Entries taken from a collection:
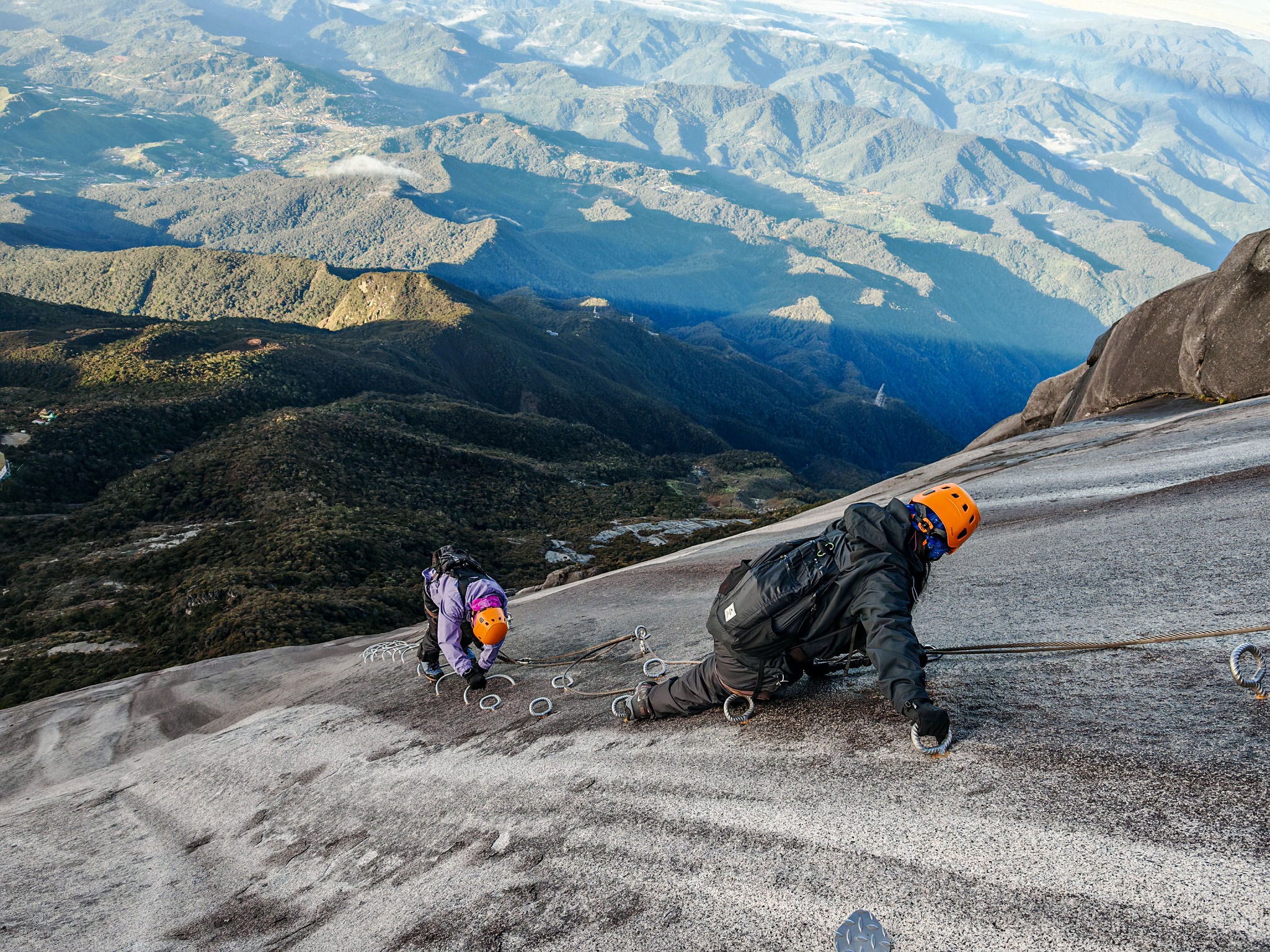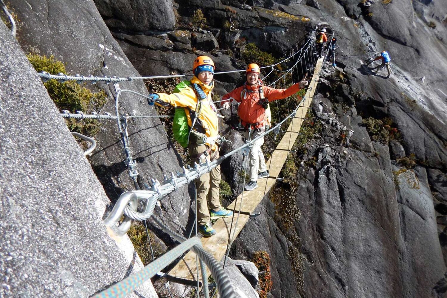 After taking in the spectacular views, you’ll descend to the 7.5 km point to meet your Via Ferrata trainer and begin the Low’s Peak Circuit (LPC) — an intermediate-level via ferrata route (French grade AD) that takes approximately 4 to 5 hours. This thrilling adventure takes you along narrow ledges, steel rungs, hanging bridges, and vertical drop-offs, offering unmatched views and an adrenaline-pumping experience high on the mountain face. Please note: climbers who miss the cut-off time will not be permitted to join the via ferrata.
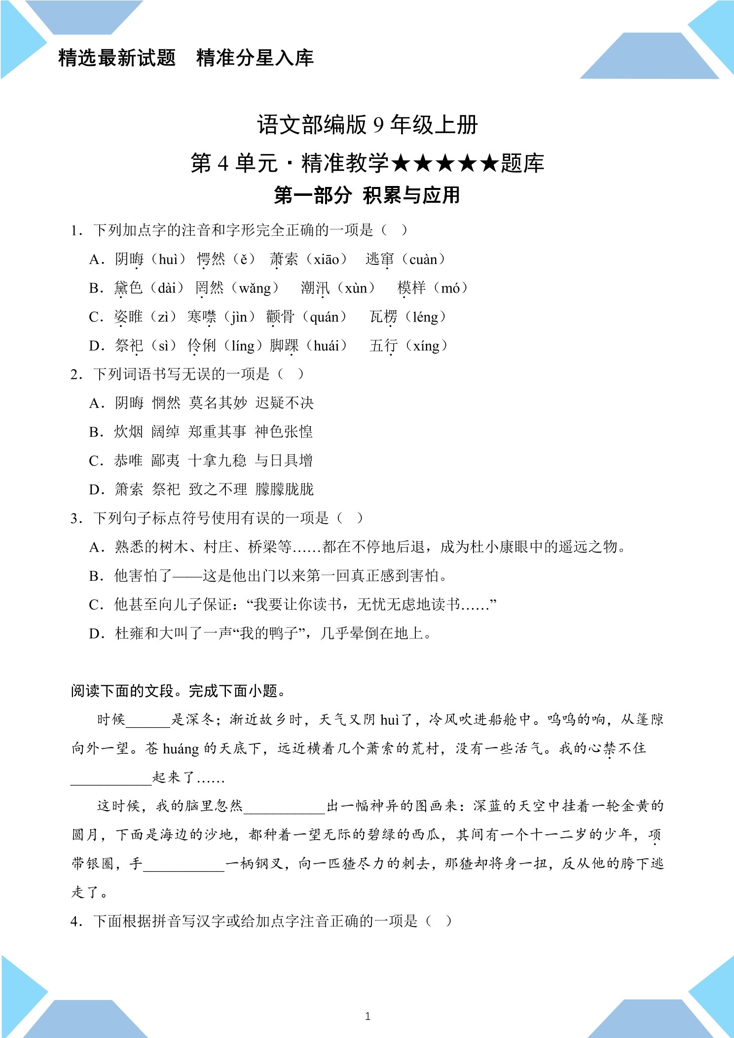 第3单元 闯关必刷04 课内阅读-统编版语文4年级上册
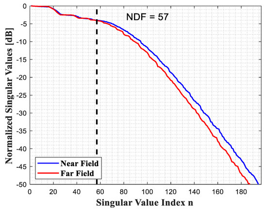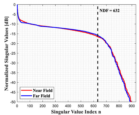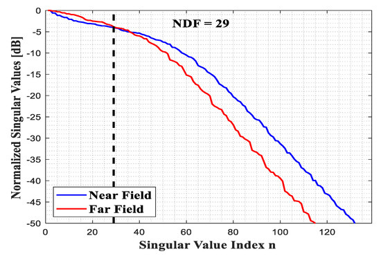 First, we compare the NDF of both the far and near scattered field and compute them numerically by referring to the pertinent far zone operator [23,24] and to (1), respectively. Figure 2 provides a comparison of the behaviours of their normalized singular values. The expected NDF of the far field from (17) is equal to NDF = , as and the numerical results confirm that the NDF in the near field is equal to the NDF of the far field. This result can be expected in virtue of the equivalence theorem, as for each source the corresponding near scattered field has the same NDF of the corresponding far field.
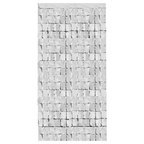 CORTINA METALIZADA CUADRADOS CHICOS PLATEADO
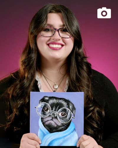 Paint a pet portrait with a fun and sophisticated twist! Join Ana in projecting a photo of a smug pug in glasses on your canvas using our Smart Trace technology, trace the outline, then follow along in bringing this sophisticated gentleman to life as you learn new techniques for creating with acrylic. Whether you’re the proud pug parent, a lover of animals dressed like humans, or you want to put a smile on someone’s face, this experience is fun for everyone.
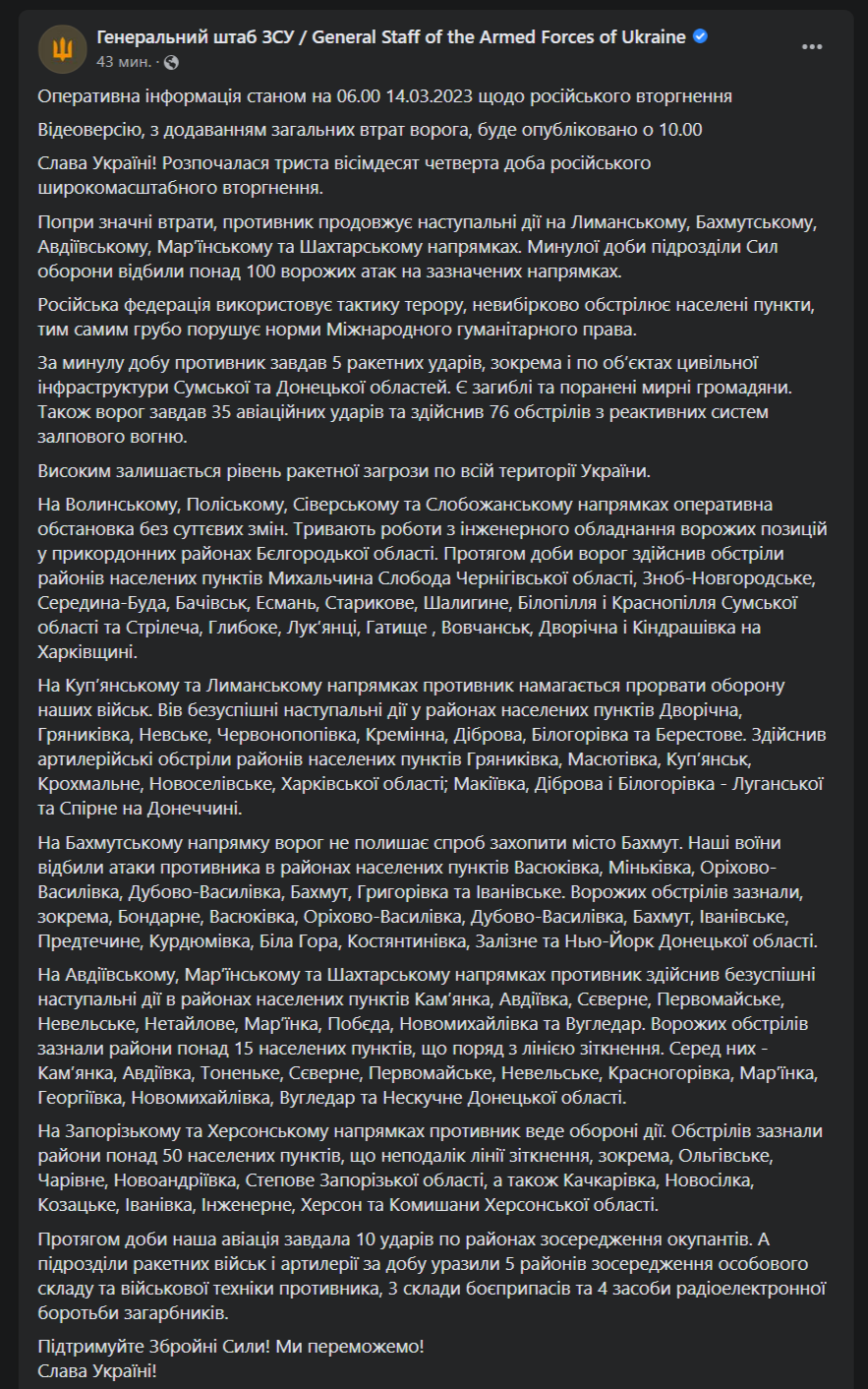 Вранці у вівторок, 14 березня, Генштаб ЗСУ опублікував актуальне зведення з фронту. Повідомляється, що за добу українські воїни відбили понад 100 ворожих атак.

• _Required work_: Reproduce exactly and only the lines from the one with "CORTINA METALIZADA CUADRADOS CHICOS PLATEADO" through the last entry, both included, excluding every picture.

• _Finished task_:
 CORTINA METALIZADA CUADRADOS CHICOS PLATEADO
 Paint a pet portrait with a fun and sophisticated twist! Join Ana in projecting a photo of a smug pug in glasses on your canvas using our Smart Trace technology, trace the outline, then follow along in bringing this sophisticated gentleman to life as you learn new techniques for creating with acrylic. Whether you’re the proud pug parent, a lover of animals dressed like humans, or you want to put a smile on someone’s face, this experience is fun for everyone.
 Вранці у вівторок, 14 березня, Генштаб ЗСУ опублікував актуальне зведення з фронту. Повідомляється, що за добу українські воїни відбили понад 100 ворожих атак.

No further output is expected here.